Я вздохнул, но промолчал. Молли, похоже, наконец сообразила, что разговоры об отце для меня – как нож острый, и сменила тему:
– Вы уверены, что этот граф вам камень отдаст? Судя по всему, не очень-то он добрый.
– Не добрый и не отдаст. Но я буду делать то, что получалось у меня при жизни лучше всего.
– Красоваться?
– Нет, – возмутился я. – Убеждать! Вести дипломатические переговоры. А ты будешь… М-м… Меня морально поддерживать.
– Ясно… – протянула Молли, которая, судя по всему, понятия не имела, что значат слова «дипломатический» и «морально».
Мы вышли на улицу. Снежная буря разгулялась только сильнее – последний отчаянный порыв зимы перед надвигающейся весной. Шагая по родному кварталу с Гарольдом, я чувствовал тревогу и страх, мне было стыдно перед всеми, кто видел меня рядом с ним. А сейчас я чувствовал себя прекрасно. Вот как действует компания себе подобных!

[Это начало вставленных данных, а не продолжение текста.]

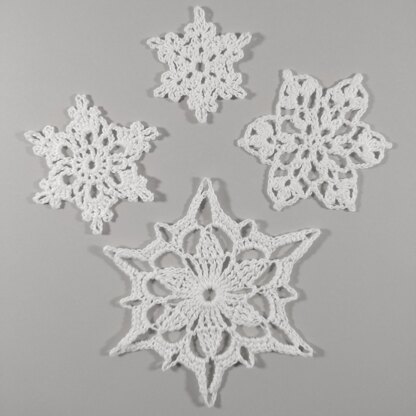 As pictured, the snowflakes measure between 2" to 4" across using size 10 crochet thread and a 1.5mm hook. And, they can be easily sized up or down by adjusting hook and thread size.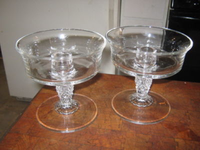 Clear Glass Candlesticks w/ Cup Guard Diamond design on Stem
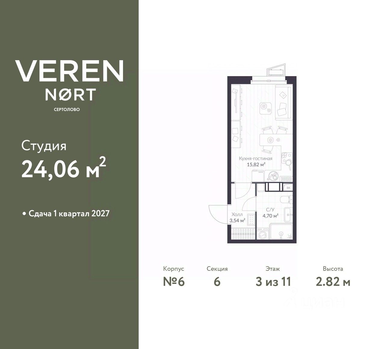 Однокомнатная квартира-студия от застройщика в Veren Nort Сертолово на 3 этаже. Квартира без отделки, новый собственник может сделать ремонт по индивидуальному проекту. Общая площадь: 24.06 кв.м., площадь гостиной 15.82 кв.м., из которых 5 кв.м. выделено под кухонную зону. Все окна выходят на одну сторону. В квартире один совмещенный санузел. Высота потолков 2.82 м.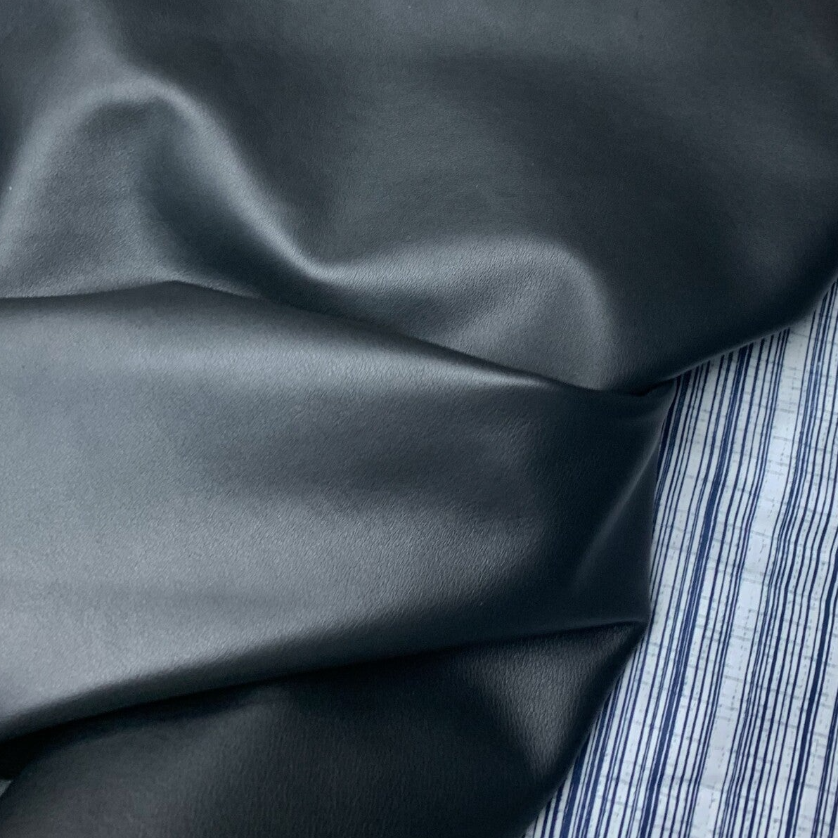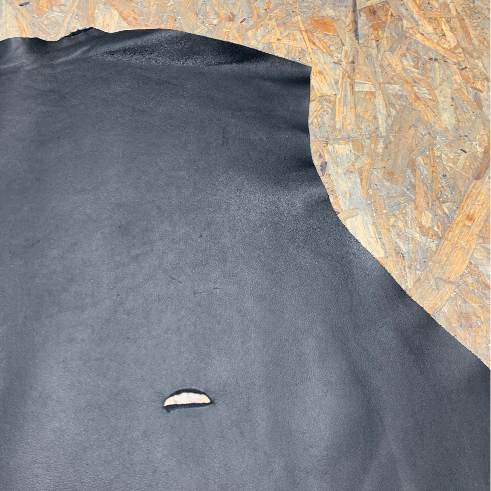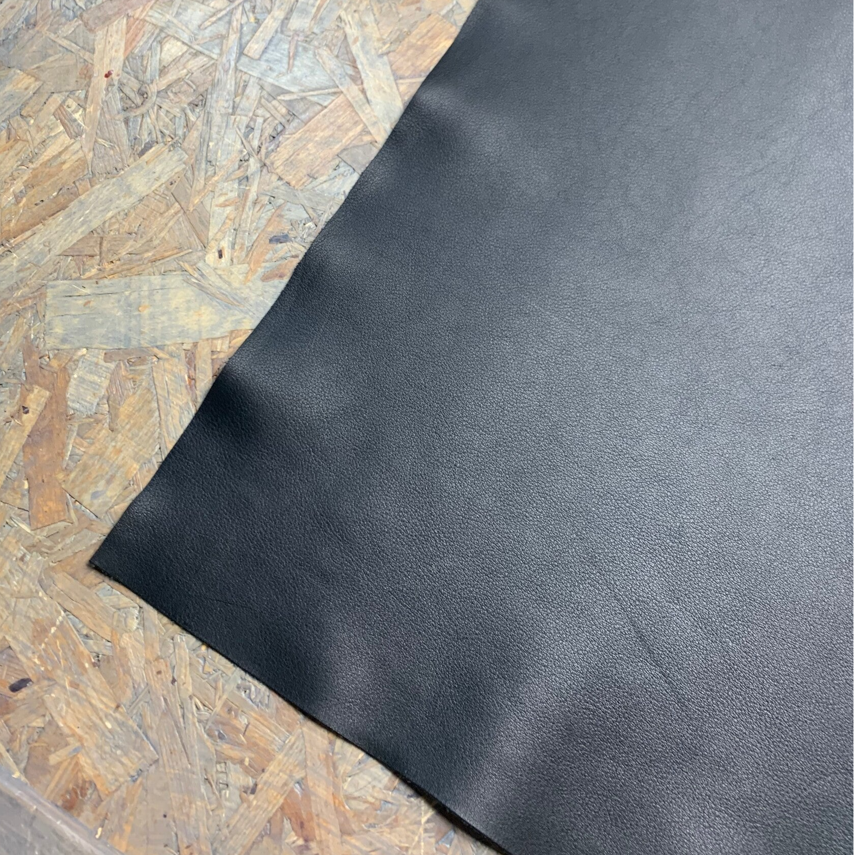 Een soepele zwarte leren lap met zwarte achterkant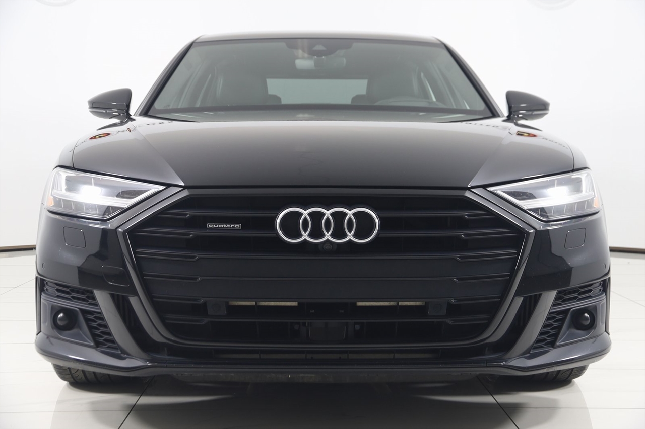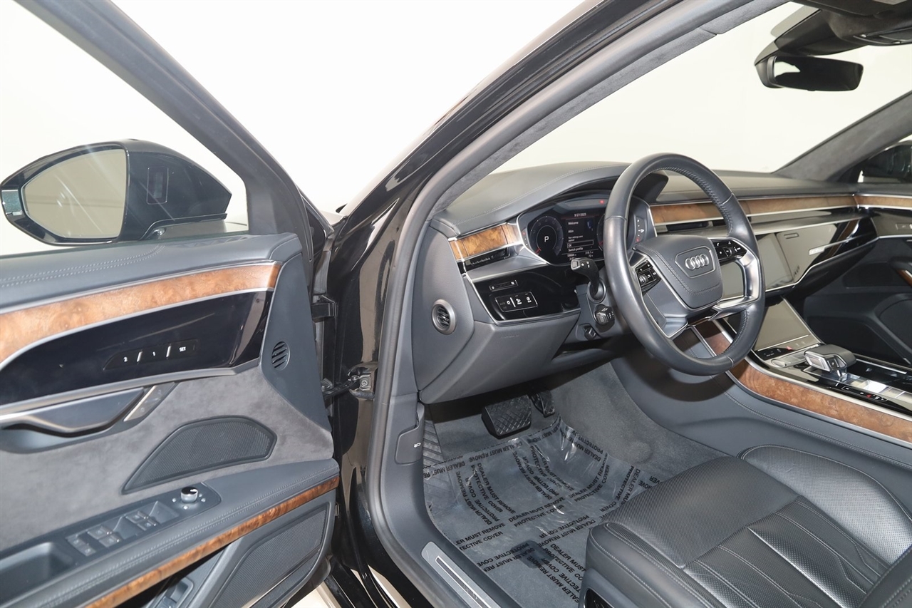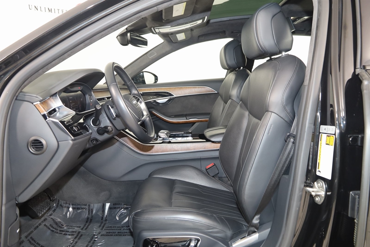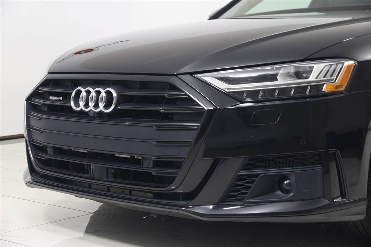Navigation, Back Up Camera, Bluetooth, Panoramic Roof, Heated Seats, Touch Screen, Cooled Heats, Blind Spot, Apple Play, A8 4.0 LWB quattro L, 4D Sedan, 4.0L V8 Turbocharged DOHC 32V LEV3-ULEV125 453hp, 8-Speed Automatic with Tiptronic, quattro, Black Metallic, Black Leather, Acoustic & Break Resistant Dual-Pane Side Windows, Adaptive Windshield Wiping System, Aluminum Optic Buttons, Audi Active Lane Assist, Audi Adaptive Cruise Assist, Audi Head-Up Display, Audi Phone Box, Audi Pre Sense Rear, Audi Side Assist, Black Optic Exterior Package, Chrome Exterior Package, Cold Weather Package, Contour/Ambient LED Interior Lighting Package, Driver Assistance Package, Dynamic All-Wheel-Steering, Executive Package, Extended Leather Package, HD Matrix-Design LED Headlights, Headlight Washers, Heated 4-Spoke Multifunction Steering Wheel, Heated Front Surfaces, Heated Rear Outboard Seats, Intersection Assist, Ionizer & Fragrance Premium Air Quality, Light Alcantara Headliner, Lighting Package, Luxury Package, Navigation System, Navigation system: MMI Navigation plus, OLED Taillights w/Animation, Predictive Active Suspension, Sport Exterior Styling, Sport Plus Package, Top View Camera System, Traffic Sign Recognition, Valcona Leather Seat Upholstery, Ventilated Comfort Front Seats, Wheels: 20" Audi Sport 5-V-Spoke-Star-Design. Clean CARFAX.

Снегопад надежно скрывал нас от прохожих: обычная парочка, разве что слишком легко одетая. Я жестом предложил Молли взять меня под руку. Она недоверчиво покосилась на меня, потом торжественно положила ладонь на мой локоть и пошла, выпятив грудь и едва не обгоняя меня. Видимо, так она изображала важную даму. Я улыбнулся.
Такого мира на душе, как в эти десять минут пути между домом леди Бланш и особняком графа Ньютауна, я, кажется, никогда в жизни не чувствовал. Мир видится таким прекрасным, когда знаешь, что вот-вот его покинешь: парящие в воздухе пушистые хлопья снега, туманные огни фонарей, звонкий стук лошадиных копыт на мостовой, чья-то рука на твоей руке. Я сжал невзрачный камешек в кармане сюртука.
Вот бы сработало.
Какой сегодня день, я понял еще до того, как войти в ярко освещенный особняк. Кареты въезжали в ворота со всех сторон, желающих было столько, что гостям приходилось ждать своей очереди на вход. Похоже, сегодня пятница, тот самый большой бал. На секунду мне стало стыдно за свой вид: как я туда зайду? Но потом я разозлился: в этом виноват хозяин дома, вот пусть и заглаживает свою вину, хочет он того или нет.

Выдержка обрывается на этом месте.